TASK GOAL: Starting from the line containing "而同樣也受到順風車用戶歡迎的", give again every line through the end of the entries, word for word. Pictures stay out of the copy.

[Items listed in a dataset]
■ ■ ■ ■ ■
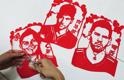 Young craftsman scissors World Cup on paper
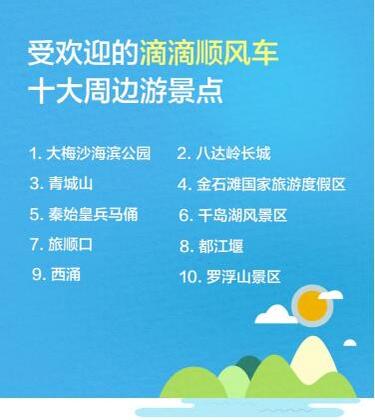 而同樣也受到順風車用戶歡迎的十大潛力周邊游景區分別是深圳楊梅坑、廣州大夫山森林公園、四川峨眉山、湖北武當山、廣東西樵山風景區、山西平遙古城、煙臺蓬萊閣、天津塘沽海昌極地海洋館、安徽九華山、吉林長白山。
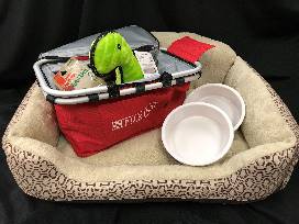 Get your house puppy-ready with a new bed, food and water bowls, toys, a gift card to Kennelwood Resorts and a basket full of Purina treats, food and people-gear.
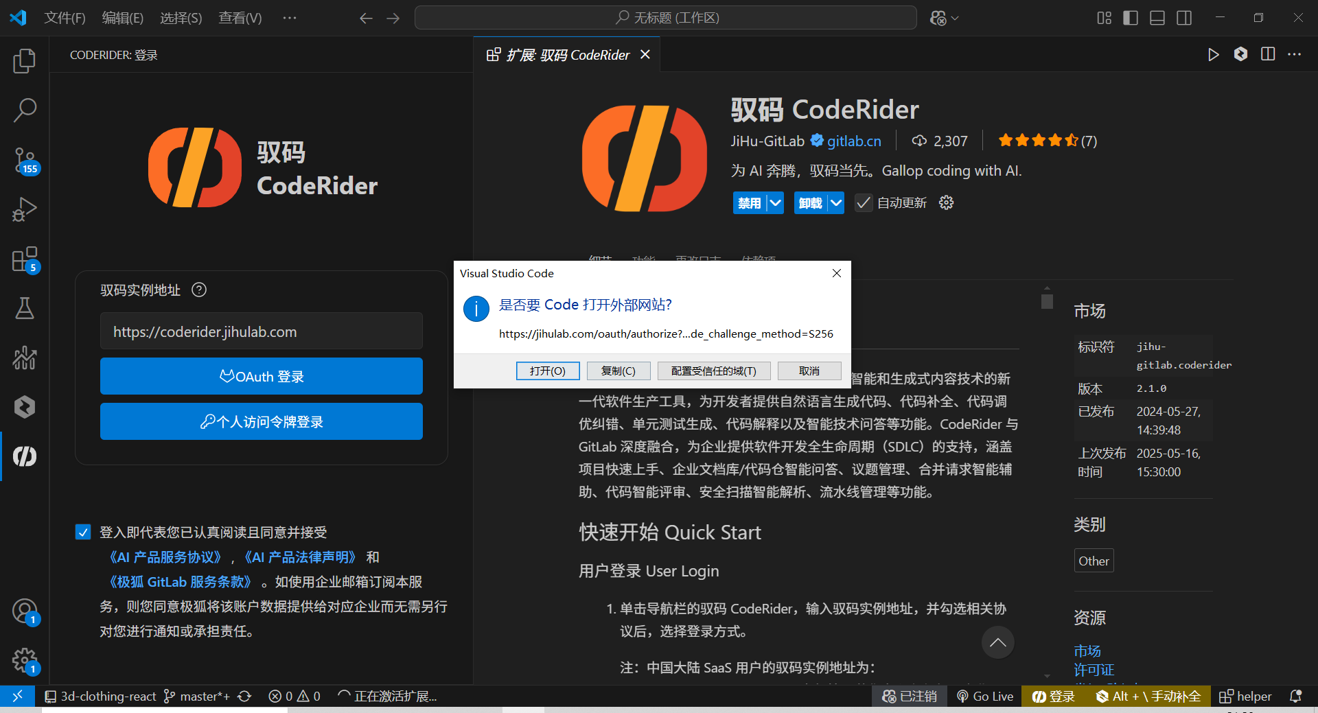 - 在跳转的 Web 网页端点击授权 CodeRider 后再次点击打开 Visual Studio Code。
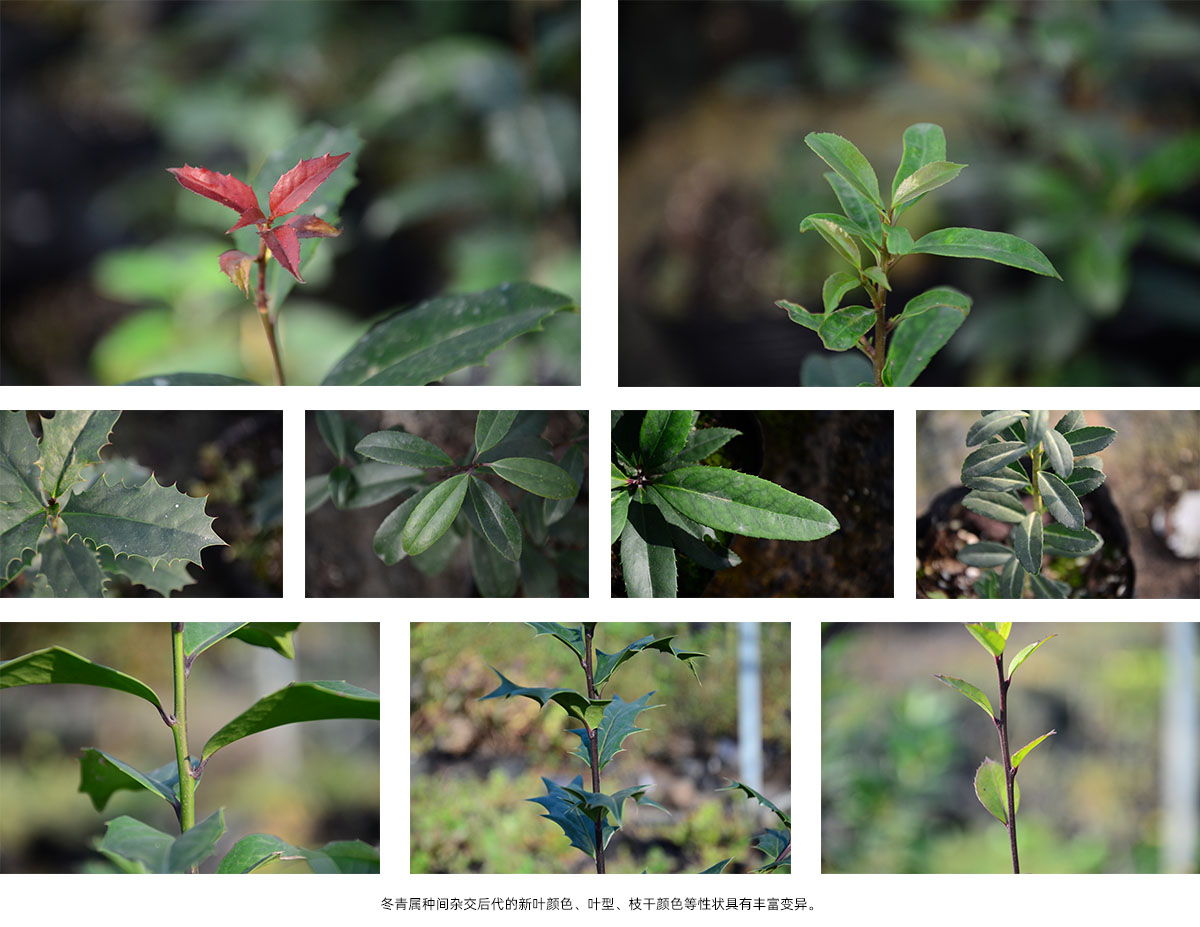 以人工授粉和開放授粉手段進行基因滲入,結合多倍體誘導、輻射誘變和分子標記等多種現代育種技術,開展了冬青屬、木犀屬、鳶尾屬和繡球屬等多種觀賞植物育種工作,獲得大量具有豐富遺傳變異群體。
■ ■ ■ ■ ■
EXERCISE RESPONSE:
 而同樣也受到順風車用戶歡迎的十大潛力周邊游景區分別是深圳楊梅坑、廣州大夫山森林公園、四川峨眉山、湖北武當山、廣東西樵山風景區、山西平遙古城、煙臺蓬萊閣、天津塘沽海昌極地海洋館、安徽九華山、吉林長白山。
 Get your house puppy-ready with a new bed, food and water bowls, toys, a gift card to Kennelwood Resorts and a basket full of Purina treats, food and people-gear.
 - 在跳转的 Web 网页端点击授权 CodeRider 后再次点击打开 Visual Studio Code。
 以人工授粉和開放授粉手段進行基因滲入,結合多倍體誘導、輻射誘變和分子標記等多種現代育種技術,開展了冬青屬、木犀屬、鳶尾屬和繡球屬等多種觀賞植物育種工作,獲得大量具有豐富遺傳變異群體。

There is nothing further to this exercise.